The number of phenotypes (i.e., latent classes) was determined based on model fit and model usefulness. We assessed model fit by inspecting values of the Bayesian information criterion ([BIC], lower value, better fit) and Akaike information criterion ([AIC], lower value, better fit). We assessed model usefulness by inspecting the measure of entropy (with a goal of 0.8 or above) and the interpretability of the latent class solution. Among solutions with entropy values of 0.8 and above, the solution with the lowest AIC and lowest BIC was selected. The interpretation of each phenotype was based on examining posterior probabilities. Specifically, for each symptom, the sum of Manhattan distances between the posterior probabilities and 0.25 was calculated. When the sum is 0.4 and above, the symptom was unevenly distributed across the four severity categories (none, mild, moderate, severe; Chen, Ofner, et al., 2018). For these symptoms, the severity category with the largest probability was used to interpret the phenotype.

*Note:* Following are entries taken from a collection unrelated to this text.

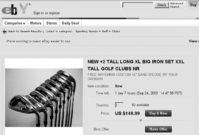 英國用戶在eBay購買到劣質高爾夫球桿,從而揭出最大型的售賣翻版用品集團。圖為eBay網站上銷售高爾夫球桿的網頁。 網上圖片
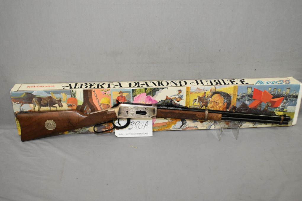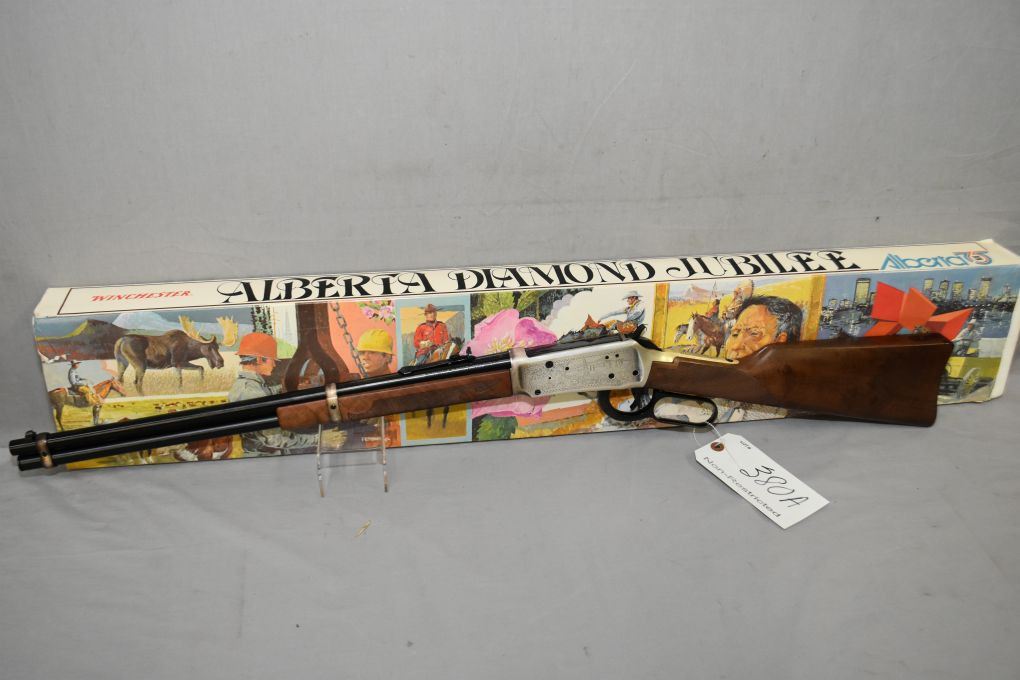 Winchester Model 94 Alberta Diamond Jubilee Standard Commemorative .38 - 55 Cal Lever Action Rifle w/ 20" bbl [ appears as new, unfired in original box w/shipping carton, blued finish, slightly tarnished silver receiver, with checkered stock & forend ] Ser # ADJ 2082
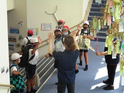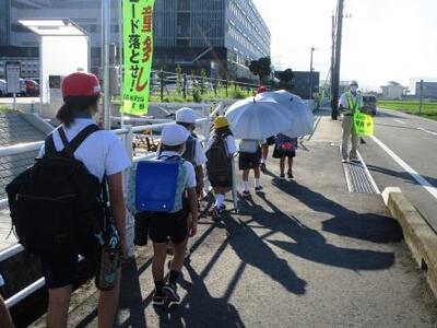 徒歩通学、暑い中に頑張って歩きました
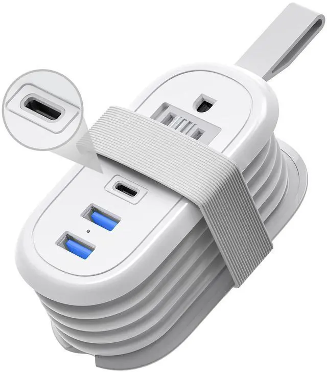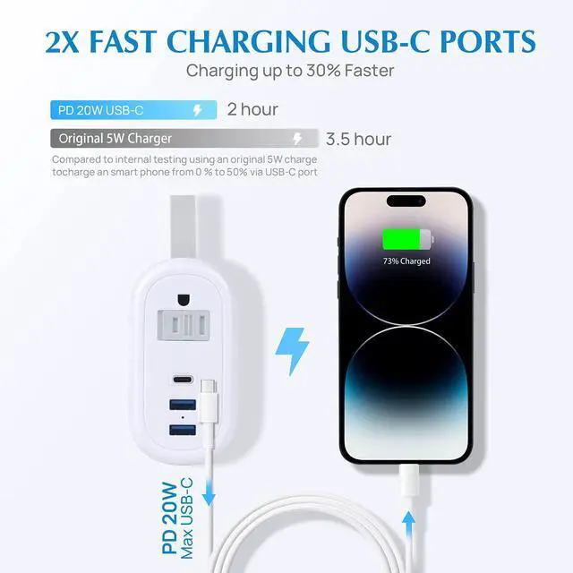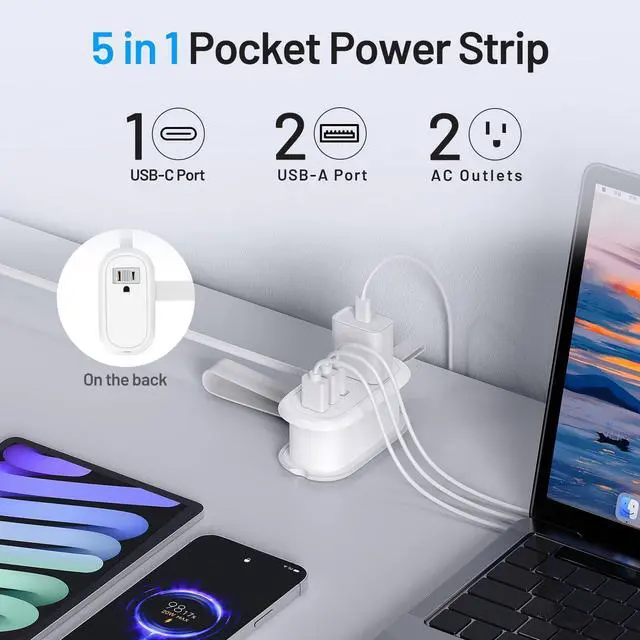 5 IN 1 Multi Device Charging 2 AC outlets, 2 USB-A (5V/2.4A each; 3.4A total), and 1 USB-C. This power strip can charge up to 5 devices at the same time, saving space and keeping your desktop organized.
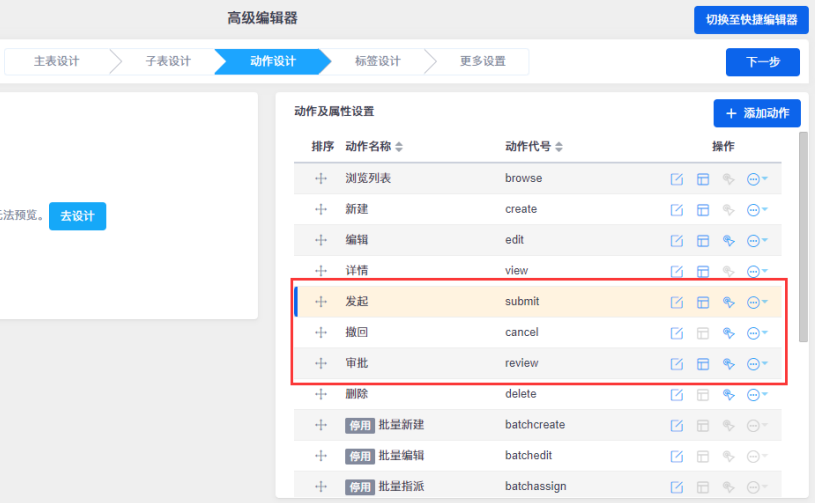 启用审批后添加默认的字段、动作和标签:

Aim 2: Comparing Analyses With and Without Covariates to Determine if Individuals’ Phenotype Memberships Changed

We constructed three latent class models: empty model (i.e., model without covariates); partial model (i.e., with demographic and clinical covariates); and full model (i.e., with demographic, clinical, and psychobehavioral covariates). For each model, individual participants were assigned to a phenotype based on probabilities. To determine if three models would result in different phenotype assignment for a given individual, we compared individuals’ phenotype memberships across three models. Specifically, we checked the consistency among models for phenotype assignment by calculating the percentage of perfect agreement in latent class membership among models.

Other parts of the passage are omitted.